* [PATCH] lkdtm: print real addresses
@ 2018-11-07 20:14 Christophe Leroy
2018-11-27 7:43 ` Greg Kroah-Hartman
0 siblings, 1 reply; 3+ messages in thread
From: Christophe Leroy @ 2018-11-07 20:14 UTC (permalink / raw)
To: Kees Cook, Arnd Bergmann, Greg Kroah-Hartman; +Cc: linux-kernel, linuxppc-dev
Today, when doing a lkdtm test before the readiness of the
random generator, (ptrval) is printed instead of the address
at which it perform the fault:
[ 1597.337030] lkdtm: Performing direct entry EXEC_USERSPACE
[ 1597.337142] lkdtm: attempting ok execution at (ptrval)
[ 1597.337398] lkdtm: attempting bad execution at (ptrval)
[ 1597.337460] kernel tried to execute user page (77858000) -exploit attempt? (uid: 0)
[ 1597.344769] Unable to handle kernel paging request for instruction fetch
[ 1597.351392] Faulting instruction address: 0x77858000
[ 1597.356312] Oops: Kernel access of bad area, sig: 11 [#1]
If the lkdtm test is done later on, it prints an hashed address.
In both cases this is pointless. The purpose of the test is to
ensure the kernel generates an Oops at the expected address,
so real addresses needs to be printed. This patch fixes that.
Signed-off-by: Christophe Leroy <christophe.leroy@c-s.fr>
---
drivers/misc/lkdtm/perms.c | 18 +++++++++---------
1 file changed, 9 insertions(+), 9 deletions(-)
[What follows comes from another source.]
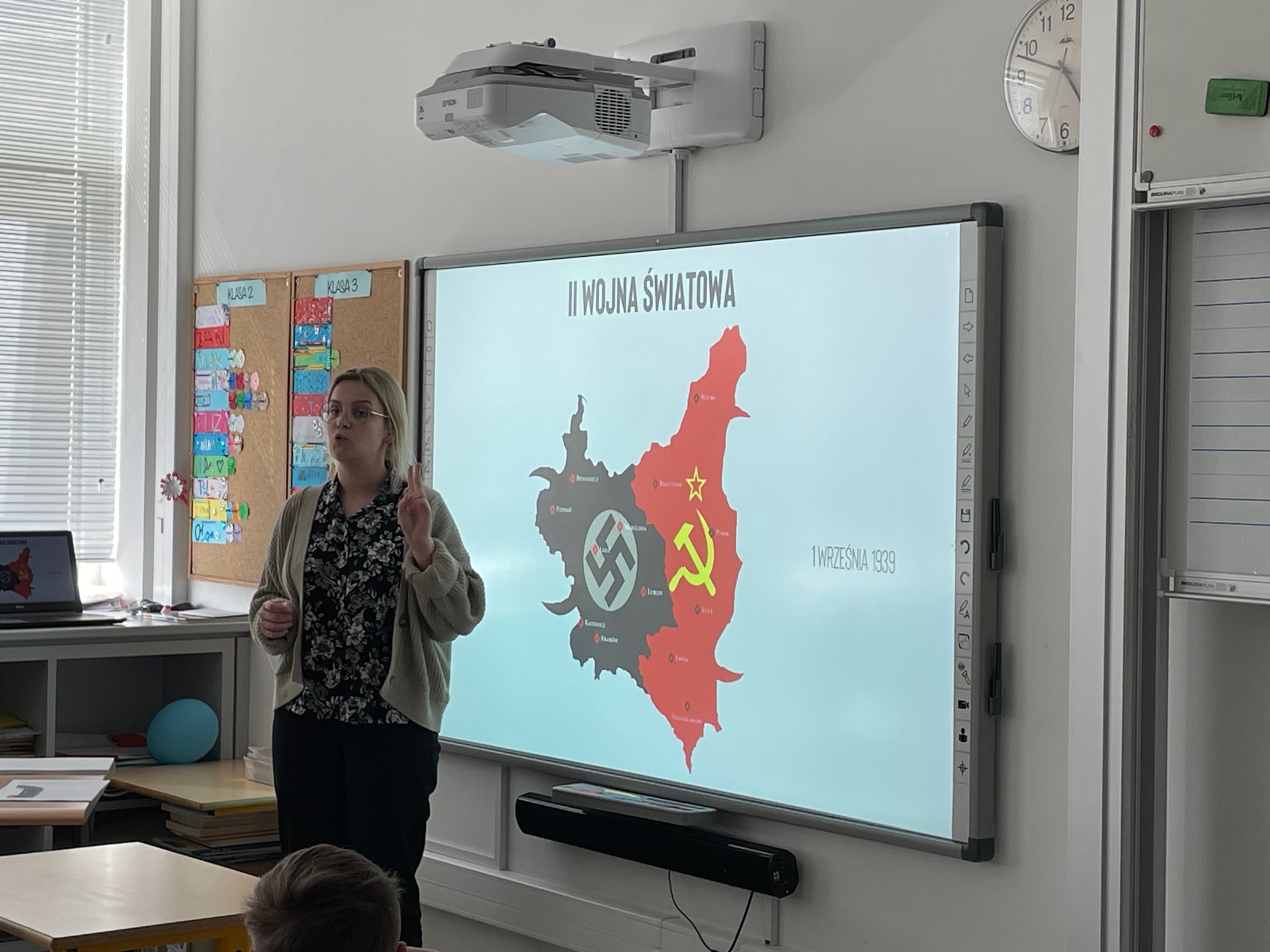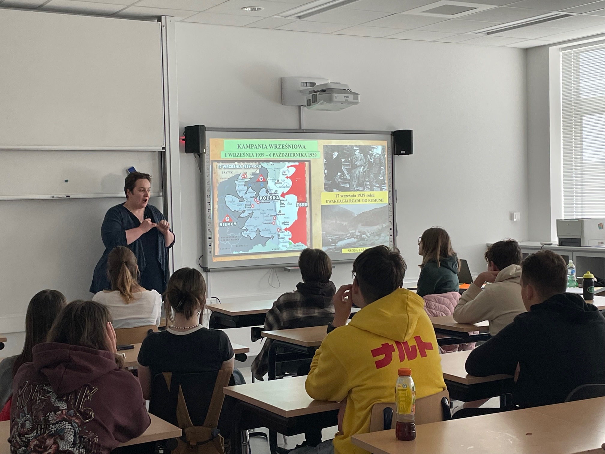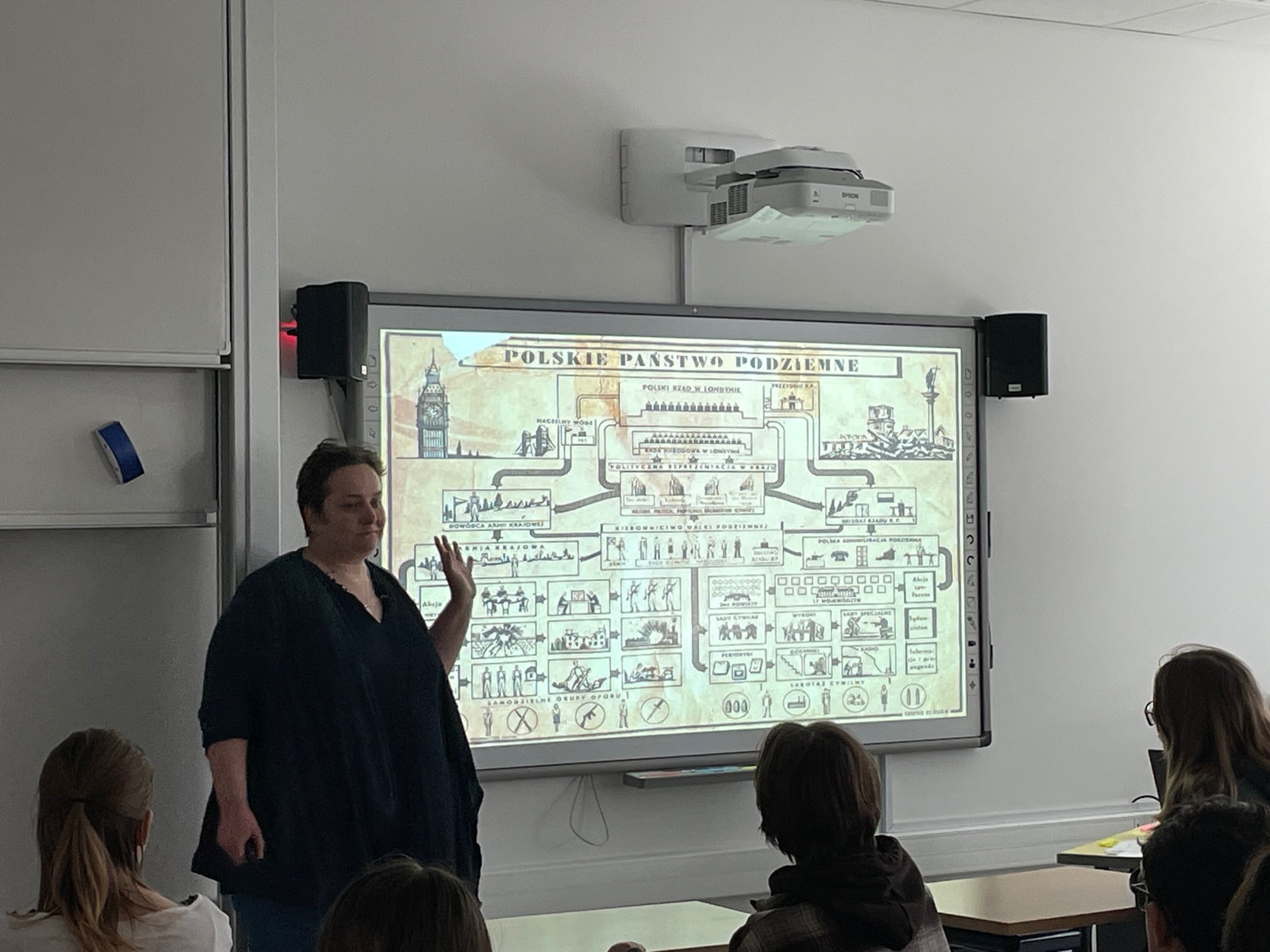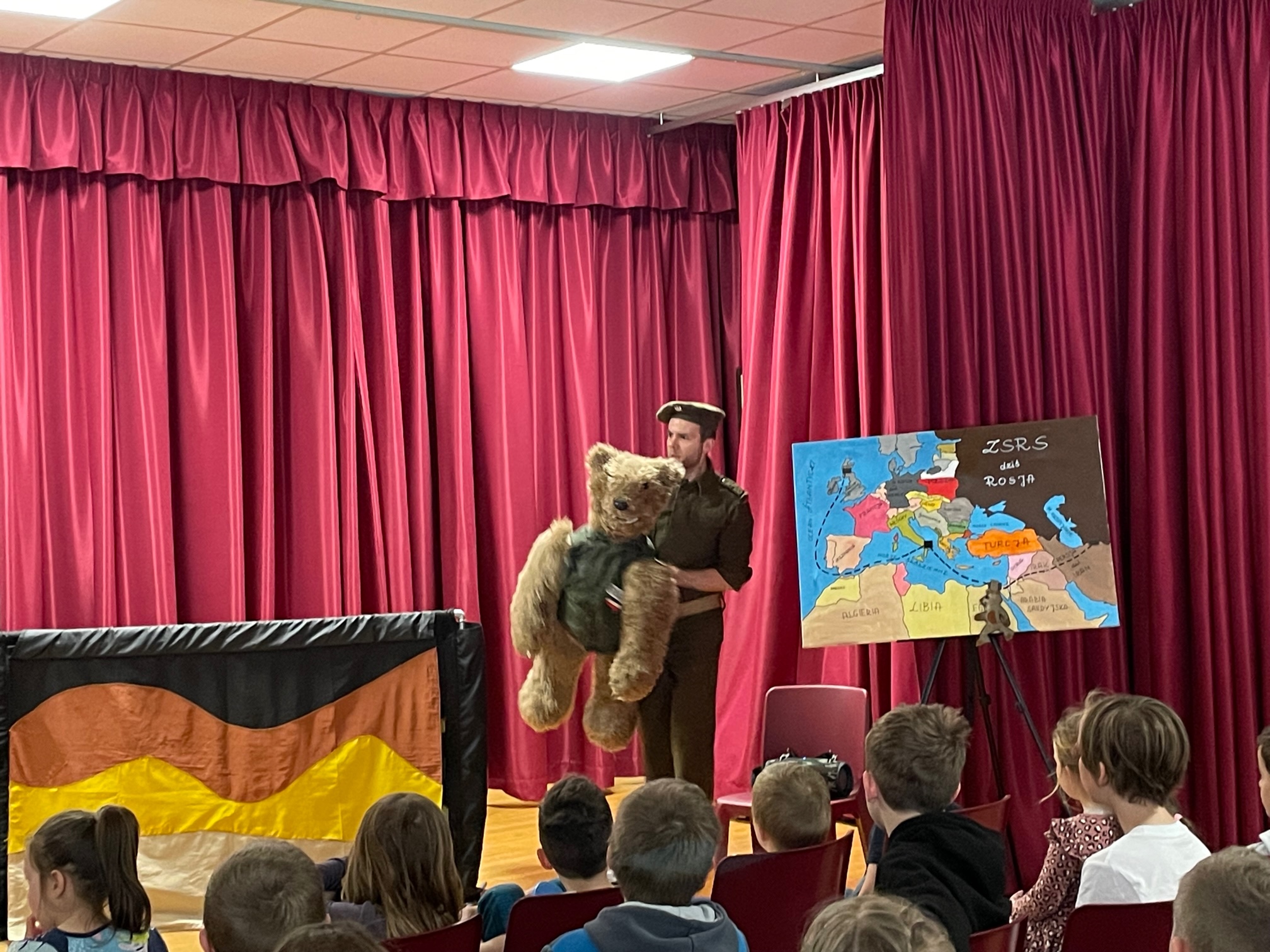 Popołudniowe zajęcia w Szkole Polskiej były nie mniej emocjonujące. Gościliśmy grupę aktorów i historyków z oddziału edukacyjnego IPN. Najmłodsi uczniowie poznali losy niedźwiedzia Wojtka i żołnierzy z Armii gen. Władysława Andersa. Nieco starsi mieli okazję uczestniczyć w niezwykłych warsztatach historycznych poświęconych polskim lotnikom z dywizjonów 302 i 303, najstarsi natomiast wsłuchiwali się w opowieści o gen. Elżbiecie „Zo” Zawackiej i elicie polskiej dywersji-Cichociemnych. To były pięknie opowiedziane historie o ważnych dla naszego państwa i narodu wydarzeniach i bohaterach. Z wielka radością i uwagą wysłuchamy w przyszłości kolejnych takich opowieści.

diff --git a/drivers/misc/lkdtm/perms.c b/drivers/misc/lkdtm/perms.c
index 53b85c9d16b8..fa54add6375a 100644
--- a/drivers/misc/lkdtm/perms.c
+++ b/drivers/misc/lkdtm/perms.c
@@ -47,7 +47,7 @@ static noinline void execute_location(void *dst, bool write)
{
void (*func)(void) = dst;
- pr_info("attempting ok execution at %p\n", do_nothing);
+ pr_info("attempting ok execution at %px\n", do_nothing);
do_nothing();
if (write == CODE_WRITE) {
@@ -55,7 +55,7 @@ static noinline void execute_location(void *dst, bool write)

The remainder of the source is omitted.